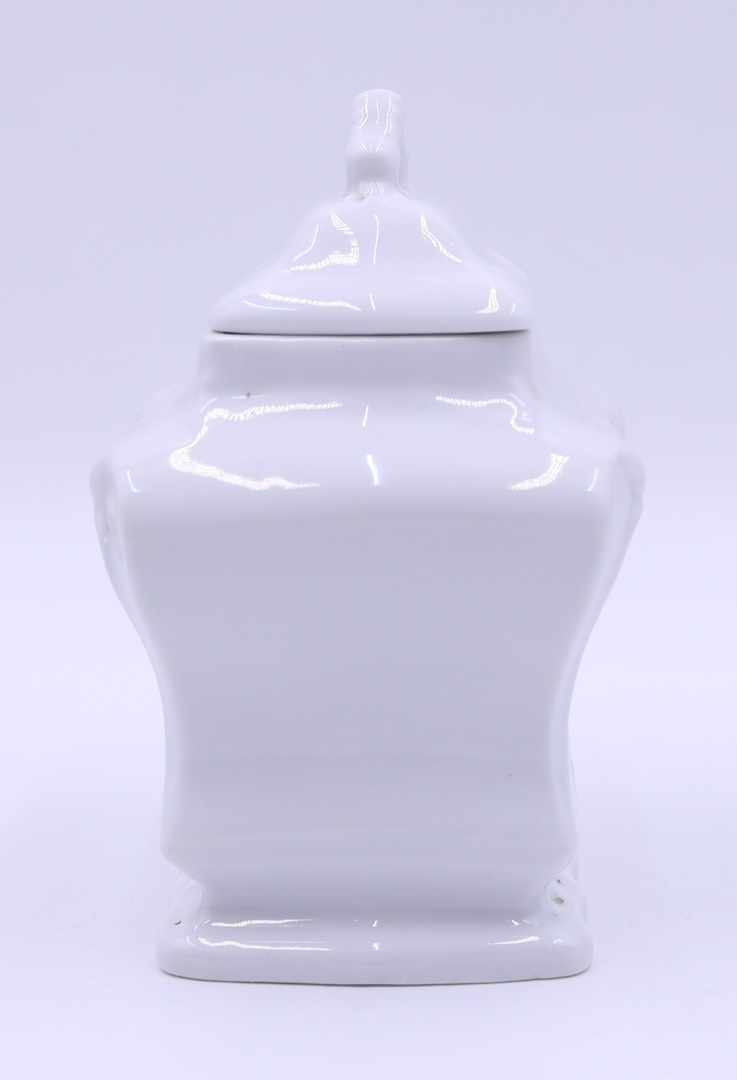 Porcelanowa puszka pochodząca z Włocławka i datowana na lata osiemdziesiąte XX wieku. Ta niezwykła puszka, będąca prawdziwym dziełem ceramicznego rzemiosła, zachwyca nie tylko estetyką, ale i wartością historyczną. Jest to egzemplarz niesygnowany, co czyni go jeszcze bardziej unikatowym i poszukiwanym przez kolekcjonerów.
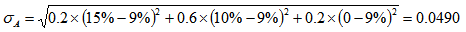 A项投资的期望报酬率=15%×0.20+10%×0.60+0×0.20=9%
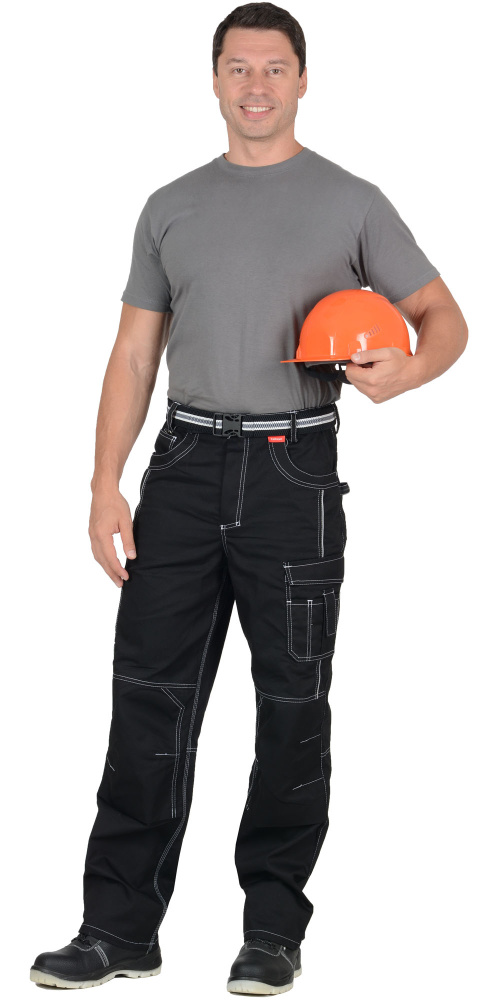 Брюки прямые, на притачном поясе, с застёжкой спереди на молния, с боковыми внутренними карманами, с часовым карманом; на задних половинках с отрезной кокеткой, двумя накладными карманами и карманами под инструменты. В брюках предусмотрен СВ кант для обозначения сигнальной видимости.
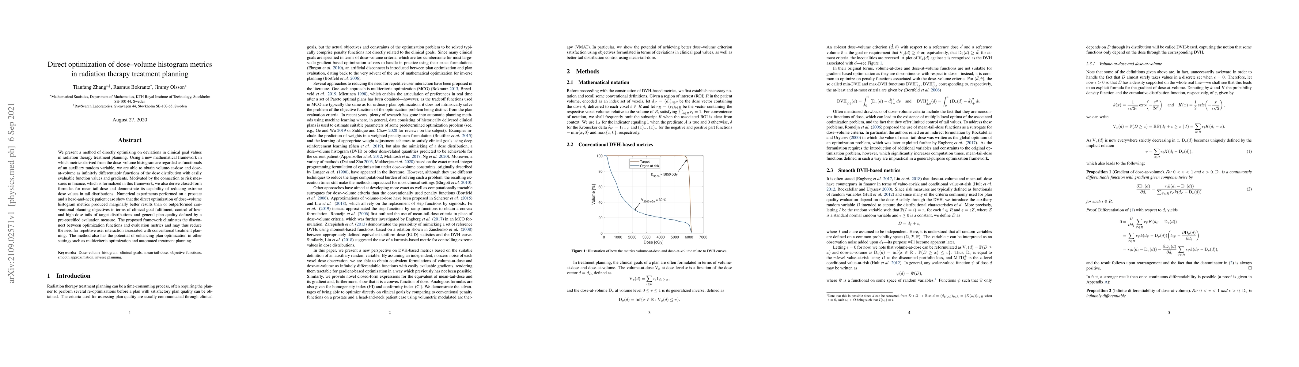 This paper introduces a novel method for optimizing dose-volume histogram metrics in radiation therapy planning, directly addressing deviations in clinical goals. The new mathematical framework enables the optimization of dose distributions to better control low- and high-dose tails, resulting in improved plan quality compared to conventional methods.
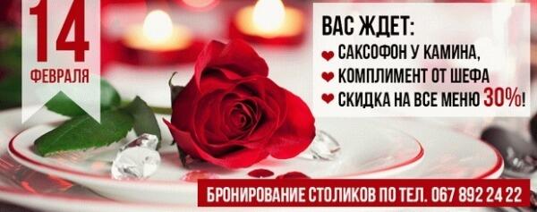 В самый романтичный день года банкет-холл Nivki-hall приглашает всех влюбленных посетить вечеринку «Любовь, вино и джаз». В стоимость билета входит место за столиком, бутылка грузинского вина Tamada и фруктово-шоколадная тарелка. Также каждый гость сможет бесплатно выбрать два напитка из коктейльного меню заведения. Всех, кто будет отмечать праздник в Nivki-hall, ждет винная дегустация от Adamanti, праздничная фотозона, шоколадные фонтаны, розыгрыши, викторины и сюрпризы с общим призовым фондом более 5000 грн. Стоимость билета – 300-400 грн.
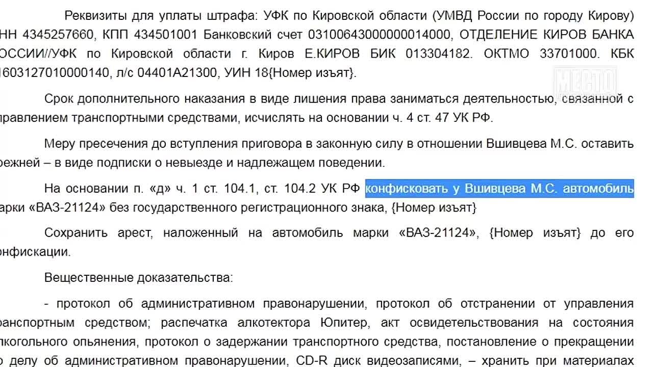 Помимо конфискации авто Вшивцева лишили права управления на 2 года и оштрафовали на 100000 рублей. Подсудимому дали лишь небольшое снисхождение: оплатить штраф он может частями в течение 5 месяцев.
.....
▶ _The task_:
Please repeat the entries above exactly, leaving out any pictures.

▶ _Exercise answer_:
 Porcelanowa puszka pochodząca z Włocławka i datowana na lata osiemdziesiąte XX wieku. Ta niezwykła puszka, będąca prawdziwym dziełem ceramicznego rzemiosła, zachwyca nie tylko estetyką, ale i wartością historyczną. Jest to egzemplarz niesygnowany, co czyni go jeszcze bardziej unikatowym i poszukiwanym przez kolekcjonerów.
 A项投资的期望报酬率=15%×0.20+10%×0.60+0×0.20=9%
 Брюки прямые, на притачном поясе, с застёжкой спереди на молния, с боковыми внутренними карманами, с часовым карманом; на задних половинках с отрезной кокеткой, двумя накладными карманами и карманами под инструменты. В брюках предусмотрен СВ кант для обозначения сигнальной видимости.
 This paper introduces a novel method for optimizing dose-volume histogram metrics in radiation therapy planning, directly addressing deviations in clinical goals. The new mathematical framework enables the optimization of dose distributions to better control low- and high-dose tails, resulting in improved plan quality compared to conventional methods.
 В самый романтичный день года банкет-холл Nivki-hall приглашает всех влюбленных посетить вечеринку «Любовь, вино и джаз». В стоимость билета входит место за столиком, бутылка грузинского вина Tamada и фруктово-шоколадная тарелка. Также каждый гость сможет бесплатно выбрать два напитка из коктейльного меню заведения. Всех, кто будет отмечать праздник в Nivki-hall, ждет винная дегустация от Adamanti, праздничная фотозона, шоколадные фонтаны, розыгрыши, викторины и сюрпризы с общим призовым фондом более 5000 грн. Стоимость билета – 300-400 грн.
 Помимо конфискации авто Вшивцева лишили права управления на 2 года и оштрафовали на 100000 рублей. Подсудимому дали лишь небольшое снисхождение: оплатить штраф он может частями в течение 5 месяцев.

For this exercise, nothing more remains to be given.